Despite tolerance, more effort needed for LGBTQI inclusivity
MANILA, Philippines — The stories are heartbreaking: Years of hiding in closets for fear of being disowned; enduring lectures from peers and being told that how they love is “wrong”; being punished for being true to who they are.
These are some of the experiences showcased in the #RespetoNaman exhibit, in commeration of the International Day Against Homophobia, Biphobia and Transphobia, that was launched in Makati City on Friday night.
Spark! Philippines, an organization that promotes gender equality, led the initiative, with assistance from the embassies of Belgium and Canada in the Philippines, in a bid to end gender-based violence in the country.
Duality of acceptance
In her speech during the launch of the exhibit, Sen. Risa Hontiveros shed light on the duality of acceptance of members of the lesbian, gay, bisexual, transgender, queer and intersex (LGBTQI) community.
“On the surface, we are seen as tolerant, accepting, even happy, that there is a significant LGBTQI community here in the Philippines,” said Hontiveros, citing the acceptance enjoyed by the LGBTQI community in high society as well as in the media and entertainment sectors.

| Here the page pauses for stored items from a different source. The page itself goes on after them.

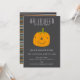 Cute illustrated jack o'lantern, Halloween party invitation. Trendy typography design style template in white text with dark charcoal background and cute colourful striped pattern backing.
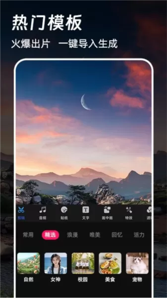 依托海量精心挑选的模板,无论是充满温馨的亲子时光、热闹的节日庆典、别具意义的旅行回忆录、令人赞叹的壮丽风景、妙趣横生的宠物趣事,亦或是潮流感十足的短视频,只需一键操作,就能轻松生成。这让视频制作过程变得简便迅速,充分释放你无限的创意潜能。
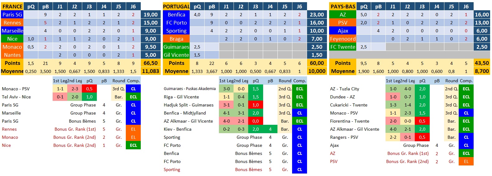 A noter que ce n'est pas le classement officiel puisque l'on ne connait pas encore le classement final de Rennes, AZ Alkmaar et PSV, ce qui peut jouer sur le point de bonus obtenu à l'issue de la phase de groupes. Dans mon tableau je leur ai attribué le bonus minimal en lien avec leur moins bon classement théorique.
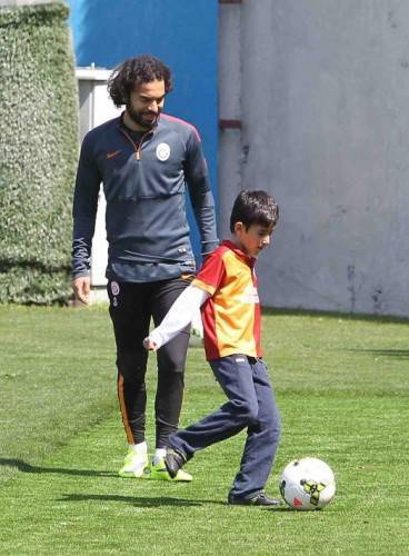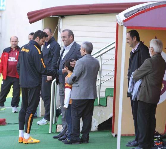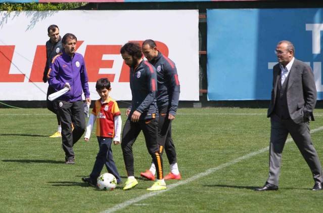 Galatasaray'ın Florya'da gerçekleşen antrenmanında Berkin Elvan soruşturmasını yürüten ve rehin alındığı Çağlayan Adliyesi'nde şehit olan Mehmet Selim Kiraz'ın oğlu da yer aldı.
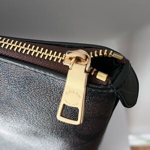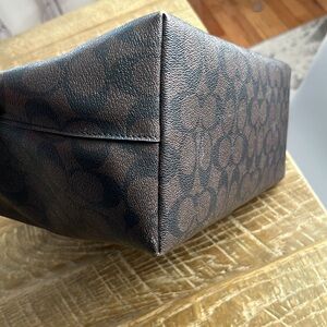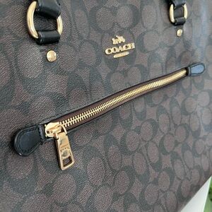 Elevate your style with the Coach Brown Signature Tote Bag. This elegant bag features a classic design with black handles, perfect for any occasion. See last couple photos for flaw in stitching and zipper. Zipper IS operational.
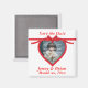 Marco en forma de corazón con cinta roja. Reemplace la imagen de marcador de posición con la imagen. Edita texto y tienes un imán personalizado de la clase.
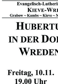 | Fr. | 10.11. | 19:00 | Hubertusmesse, im Anschluss Beisammensein mit zünftiger Stärkung; Wredenhagen |
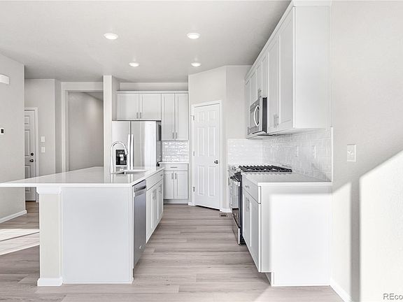 Discover the perfect blend of modern design and comfortable living in this expansive 2,661 sqft Snowberry floorplan home, nestled in the new Ridgeline Vista community in Brighton, Colorado. With 4 bedrooms, 3 bathrooms, and a 2-car garage, this home offers plenty of room to meet your needs. The main level features a versatile flex space/office and a guest bedroom conveniently located near the downstairs bathroom, which is equipped with a shower. The heart of the home is the open-concept kitchen and living area, boasting new stone countertops, a custom backsplash, and modern appliances. Perfect for gatherings or cozying up for a movie night. Upstairs, you'll find a spacious loft, the primary bedroom with a 5-piece ensuite bath, and an oversized walk-in closet, two additional bedrooms, and the laundry room for added convenience. This home is located just minutes from King Soopers Marketplace and Prairie Center, offering easy access to shopping, dining, and entertainment. Plus, with quick access to Hwy 76, commuting to DIA or downtown Denver is a breeze. Don't miss this opportunity to own a home that offers both style and functionality in a vibrant, growing community. Schedule your showing today! Information provided herein is from sources deemed reliable but not guaranteed and is provided without the intention that any buyer rely upon it. Listing Broker takes no responsibility for its
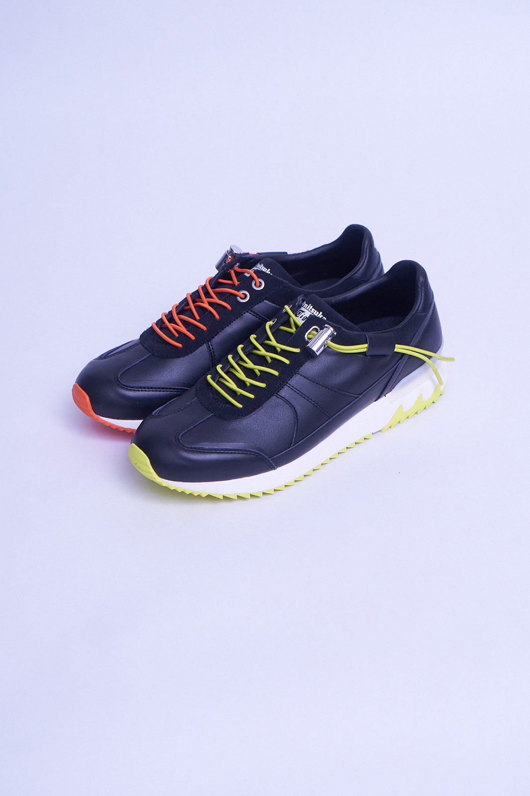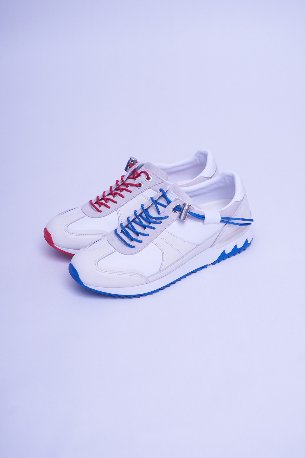 全体はオールレザー(牛革)で仕上げ、ブラック、ホワイトといった定番的なカラーを使用し、ソールとシューレースはアシンメトリーな配色にしている。

But Hontiveros, who has filed an antigender and antisexual orientation discrimination bill in the Senate, said that underneath this veneer of acceptance lay the problem of larger social systems in the country.
“There was a survey done last year of the LGBT chamber of commerce [that] revealed that out of 100 Philippine companies surveyed, [not one] implemented policies meant to protect … LGBTQI [members] from discrimination. Not one,” she said.

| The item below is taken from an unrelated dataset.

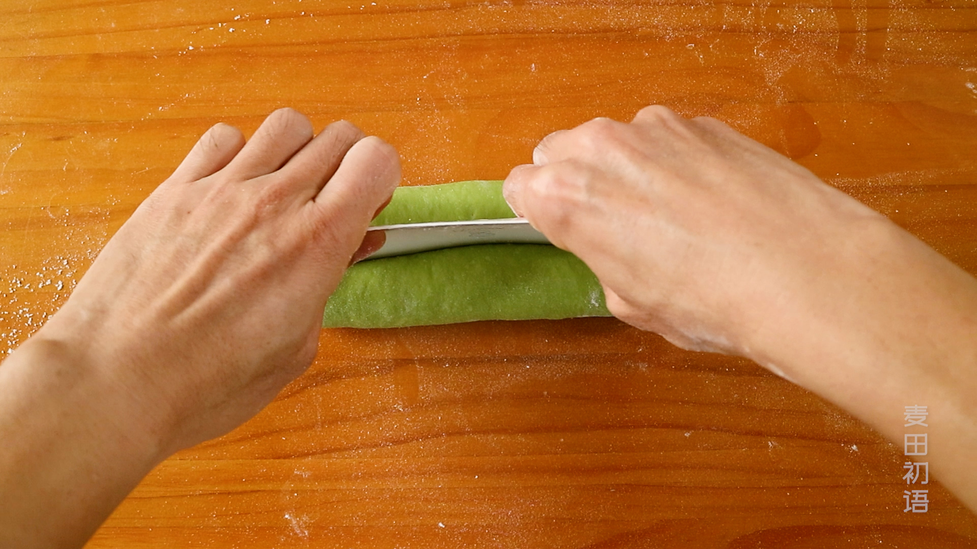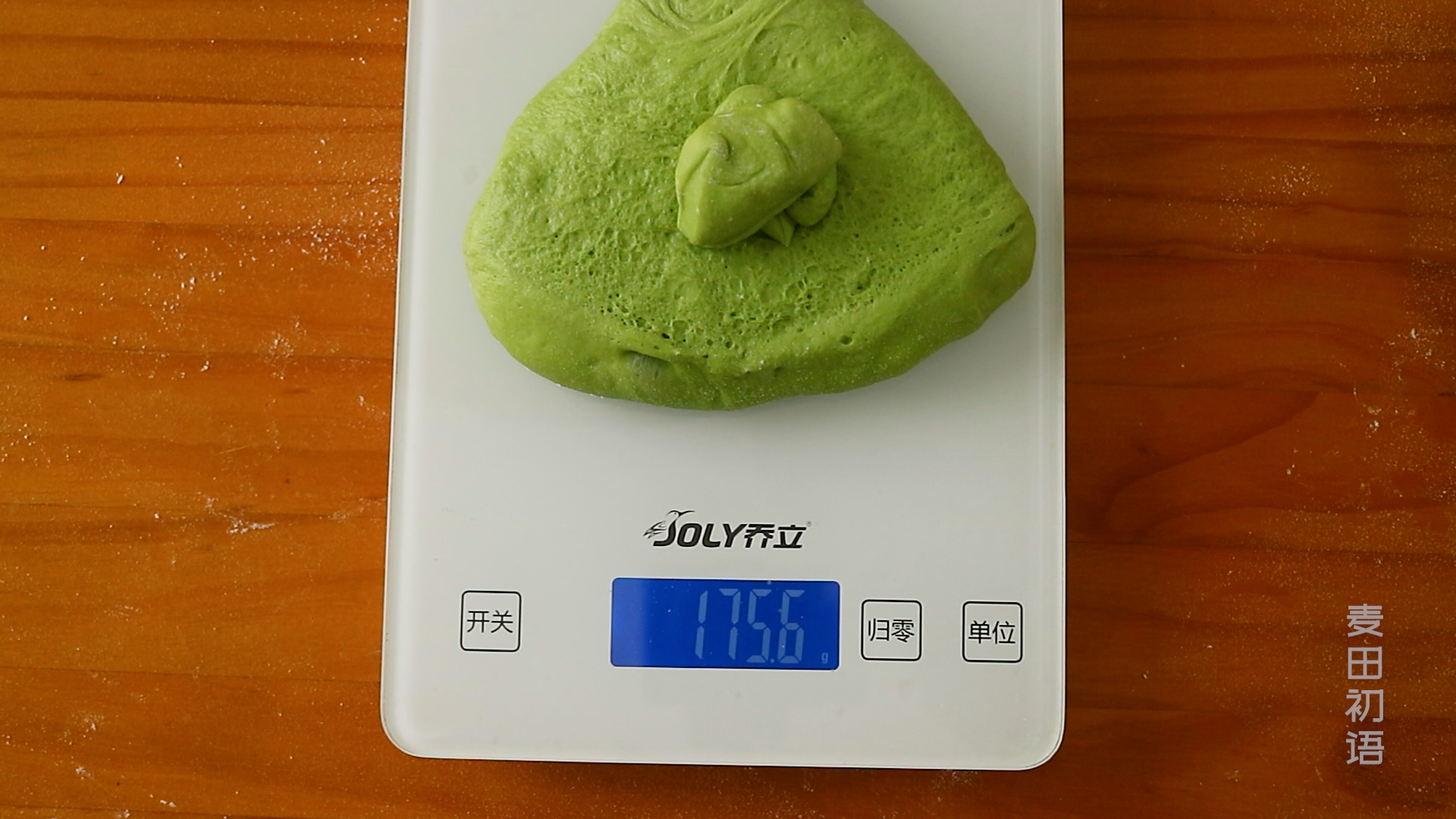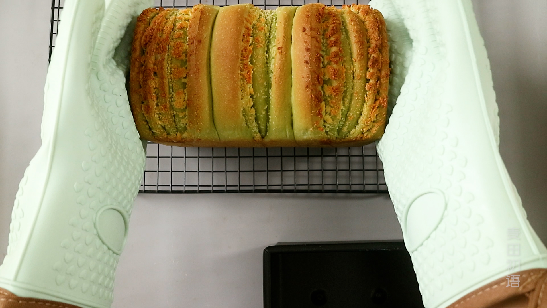 将面团送入烤箱底层,调整上火160度,下火180度,时长为26分钟。如果用风炉则145度26分钟,要根据你的烤箱温差灵活调整。要想保留更多的绿色,烘烤温度就不要设置太高。
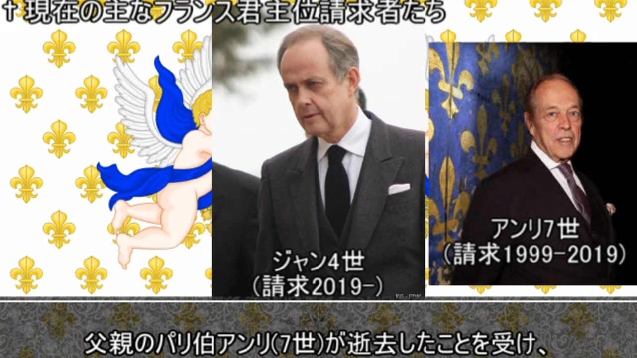 このシリーズは歴史の小話を、ゆっくりさんがしゃべっている動画です。<br><br>今回は外伝として、フランス王位請求者の一覧をまとめました。<br>長くなりましたが、よろしくお願いします。<br><br>BGM:Vive Henri IV<br><br><br><span style="color: #636363; font-size: 13px;">拙作[</span><span style="font-size: 13px;"><a href="https://www.nicovideo.jp/mylist/65337454" target="_blank" rel="noopener">mylist/65337454</a></span><span style="color: #636363; font-size: 13px;">]</span><br>前→[<a href="https://www.nicovideo.jp/watch/sm38939201" class="watch">sm38939201</a>]<br>次→[<a href="https://www.nicovideo.jp/watch/sm38978344" class="watch">sm38978344</a>]<br><br>人物紹介<span style="font-size: 14px;">マイリス→[</span><span style="color: #006699; font-size: 14px;"><a href="https://www.nicovideo.jp/mylist/60477541" target="_blank" rel="noopener">mylist/60477541</a></span><span style="font-size: 14px;">]</span><br><span style="font-size: 13px;">君主紹介</span><span style="font-size: 14px;">マイリス→[</span><span style="color: #006699; font-size: 14px;"><a href="https://www.nicovideo.jp/mylist/65193195" target="_blank" rel="noopener">mylist/65193195</a></span><span style="font-size: 14px;">]</span><br><br>投稿者Twitter(<a href="https://twitter.com/tomoshibi6o6o" target="_blank" rel="noopener nofollow">https://twitter.com/tomoshibi6o6o</a><span style="font-size: 14px;">)<br>感想などお待ちしています。</span>

Hontiveros cited statistics showing that 25 percent of LGBTQI workers experienced harassment from their employers or superior officers, 33 percent were victims of harassment by their peers and 60 percent were subjected to slurs, snide remarks and jokes.
No laughing matter
“These are just cases we know about. Abuse has a way of going unreported, [that’s] why the campaign for gender rights is no laughing matter and should be given just as much importance as campaigns against poverty or any other phenomenon that makes humans suffer,” she said.
Gender-based discrimination is “a poverty of mind, will and spirit,” she said.
The senator called out those in “the highest level of power” who continued to use their positions “to enable a culture of impunity through their misogyny, their incitement to violence and their callous disregard for human dignity and life.”
Hontiveros is a staunch critic of President Duterte, who had come under fire from women and members of the LGBTQI community in the past for his comments against them.